Se parler plutôt que s’entretuer : le Centre des Arts de la Parole

Nous vivons dans un monde de bruit et de fureur. Un monde de rumeurs, de buzz, de bashings et de clashs. Jamais l’Humanité n’a autant pris la parole. Tout le monde s’exprime. Mais est-ce qu’on s’écoute ? Il faut voir comme on se parle : de plus en plus mal. La parole est souvent vide de sens et pleine de violence. Elle est dégradée. On l’éprouve chaque jour, dans la rue, à l’école, au travail, dans les médias, sur les réseaux sociaux. On confond dialoguer et dégommer. On parle de plus en plus, on se parle de moins en moins. L’autre n’existe plus.

On ne s’écoute plus. On se balance des choses. On réduit la parole à l’éloquence, l’éloquence à la performance, la performance à l’impact – une conception balistique de la parole. À preuve, la prise de parole en public – que je nomme, moi, la prise de public en paroles. L’autre est cible à atteindre, matière à captiver – pur objet. Si l’autre n’existe pas, alors tout est permis. Voici venu le règne du verbe irresponsable.

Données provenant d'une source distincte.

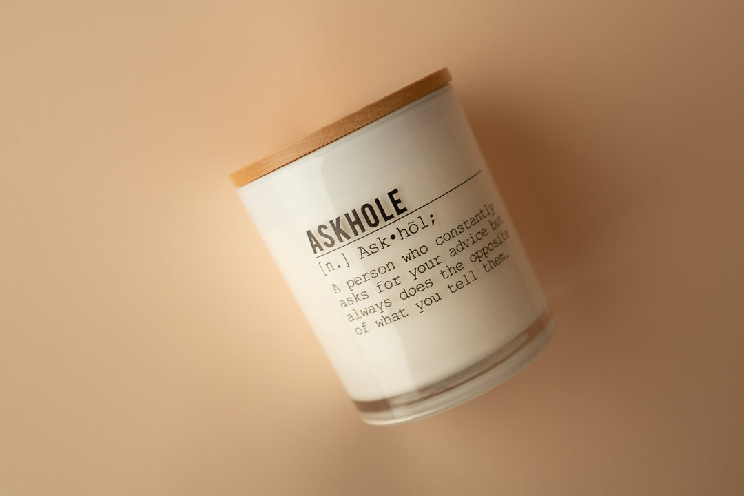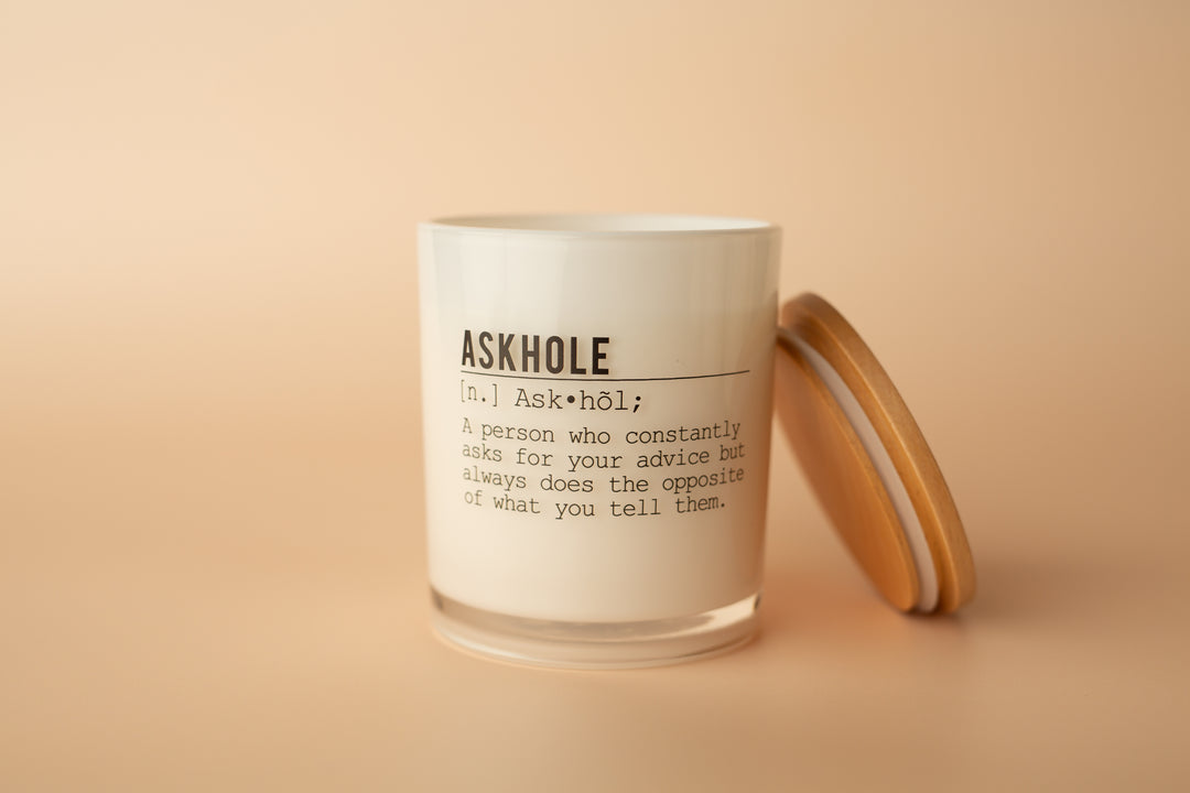 This candle is for the people who constantly want your advice but never take it. We refer to this person as an 'askhole'. Funny right? This is the perfect candle for that askhole in your life!
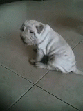 A cute Shar Pei puppy playfully interacts with a person's hand and foot, licking and nibbling.
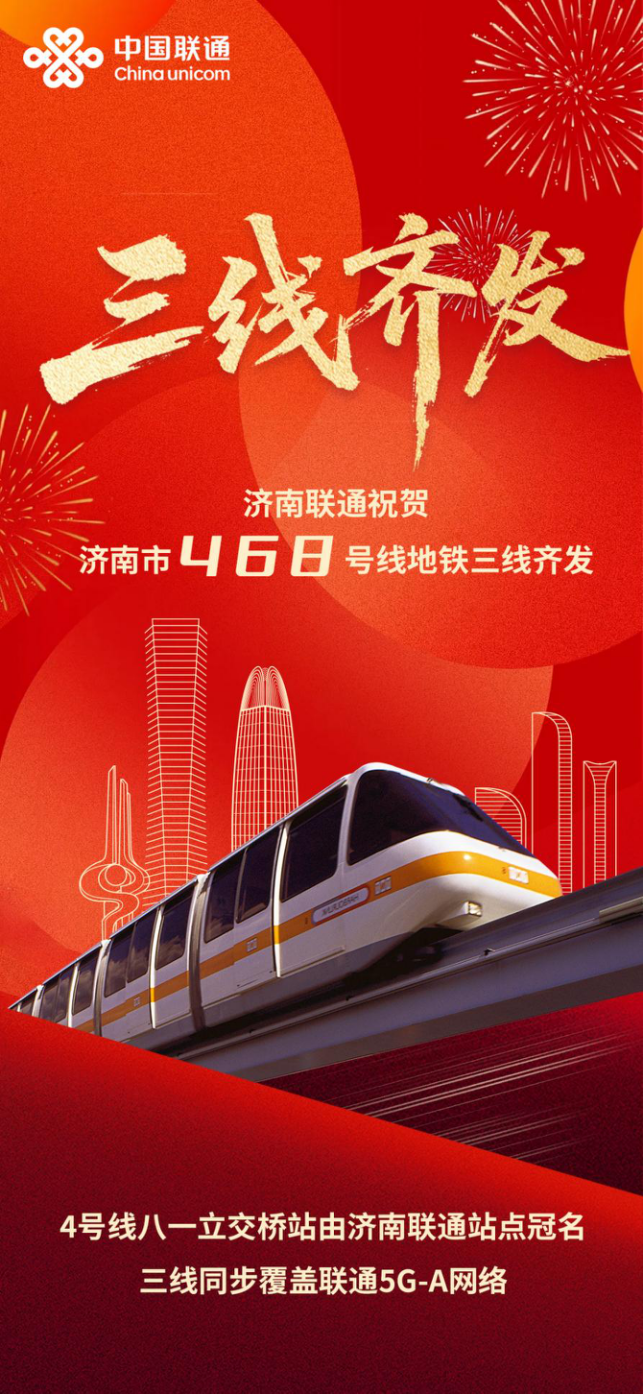 此次济南联通全面完成对三条地铁新线的5G-A网络覆盖,正是“推进5G网络向5G-A演进升级”要求的具体落地,也是济南布局新型信息基础设施的重要体现。
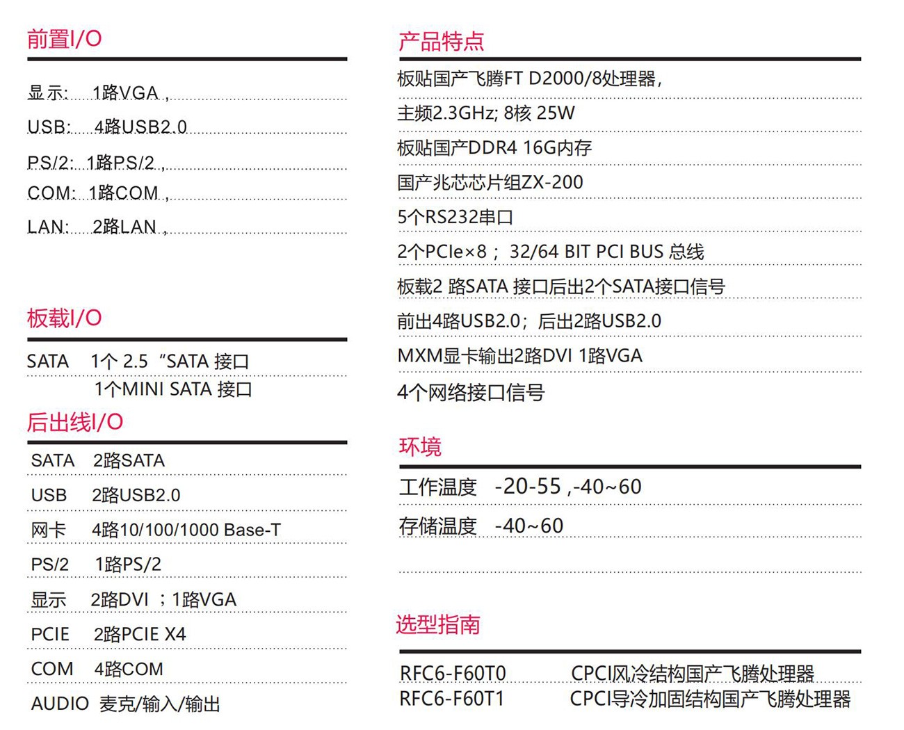 采用國產飛騰處理器FTD2000/8+ZX-200芯片組按 國產100%設計,6U CPCI規格。具備豐富的外圍接口;設計了高效的散熱系統,可顯著提高處理器的浮點運算性能,以太網、PCIE、支持高帶寬數據傳輸,滿足視頻采集與處理、雷達和聲吶等應用對高速數據傳輸的要求。專為惡劣環境使用而設計,滿足無人機、裝甲車、水面艦艇等軍工領域。
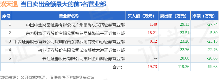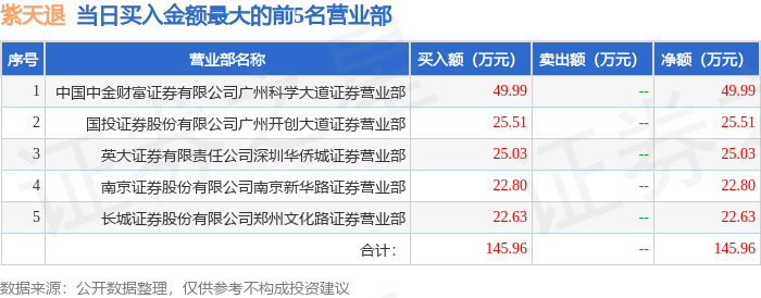 证券之星消息,沪深交易所2025年10月10日公布的交易公开信息显示,紫天退(300280)因退市整理期登上龙虎榜。此次是近5个交易日内第5次上榜。

Il faut en finir avec l’absence d’écoute et la culture de l’humiliation. Avec la perte d’attention et la ruine de la relation. Avec le narcissisme 2.0 et le fanatisme de l’identique. Avec le repli sur soi et l’ultra média solitude. Avec la tyrannie de la distraction et l’asservissement à la connexion – au détriment du lien.

Voilà pourquoi j’ai lancé le Centre des Arts de la Parole. Afin de se parler plutôt que de s’entretuer – se parler pour se relier. Pour former, informer, transformer. Rassembler, rayonner. Pour fédérer. Et grandir ensemble.

Le CAP porte un humanisme de la parole. Pour (ré)apprendre à parler juste. Il vise à revaloriser la parole afin de recréer du lien. Refaire société. Réparer la démocratie. En surmontant la violence. En maîtrisant sa parole. En s’écoutant.

En ce sens, le CAP propose l’art comme solution vitale à une crise cruciale. Première instance dédiée aux arts de la parole, il les conçoit comme des arts de construction collective. Il définit comme les sept arts de la parole le théâtre, le récit et la poésie (arts de la création), l’éloquence et la conférence (arts de la transmission), le dialogue et le débat (arts de l’interaction).

Le CAP réunit ainsi des arts essentiels de l’oralité jusqu’ici dissociés. Il les conjoint en un ensemble organique. La parole s’invente avec la poésie, se construit avec le récit, s’incarne avec le théâtre, s’opère avec l’éloquence, se transmet avec la conférence, s’échange avec le dialogue, se confronte avec le débat. De fait, la parole vit de l’art et dépérit par incurie – dans sa version dégradée le récit dégénère en storytelling, la poésie en slogan, le théâtre en spectaculaire, l’éloquence en punchline, la conférence en novlangue, le dialogue en pilonnage, le débat en clash.

Ces sept arts, le Centre les promeut comme les sept piliers de la parole, ceux qui la fondent dans tout son sens et toute sa puissance. De leur pratique peut naître une parole juste, sensée, incarnée, reliée, responsable. Apprendre à les maîtriser, c’est œuvrer à réaliser son humanité dans sa transversalité.

Pour incarner ces diverses dimensions de la parole, j’ai doté le Centre des Arts de la Parole d’un conseil réunissant 21 personnalités du monde de l’art, de la culture et de l’éducation – de Cynthia Fleury à Sofiane Zermani, Jean-Pierre Siméon, Odile Sankara, Jacques Martial, Karol Beffa, Éliette Abécassis, Kouam Tawa, Laurence Engel, Hind Meddeb, Anne-Sylvie Bameule, Hakim Bah…

Créé en 2022 à Aubervilliers, au-delà d’un lieu le CAP est un mouvement. Artistique et citoyen, francophone et multilingue, à vocation nationale et internationale, il intervient dans tous les espaces et vise à fédérer toutes les bonnes volontés : citoyennes et citoyens, collectivités, institutions, entreprises, associations. À leur intention il développe des programmes d’actions : des créations, des publications, des formations. Pour comprendre, sensibiliser, transformer.

Quintessence de ces enjeux, en 2024 le Centre des Arts de la Parole créera les États généraux de la parole. Il invite ainsi tous les publics à participer à la démarche qu’il déploie sur tous les territoires afin de valoriser la parole ensemble.

Gérald Garutti est metteur en scène, écrivain et dramaturge. Il est le fondateur et directeur du Centre des Arts de la Parole et l’auteur de “Il faut voir comme on se parle. Manifeste pour les arts de la parole” (éditions Actes Sud, 2023).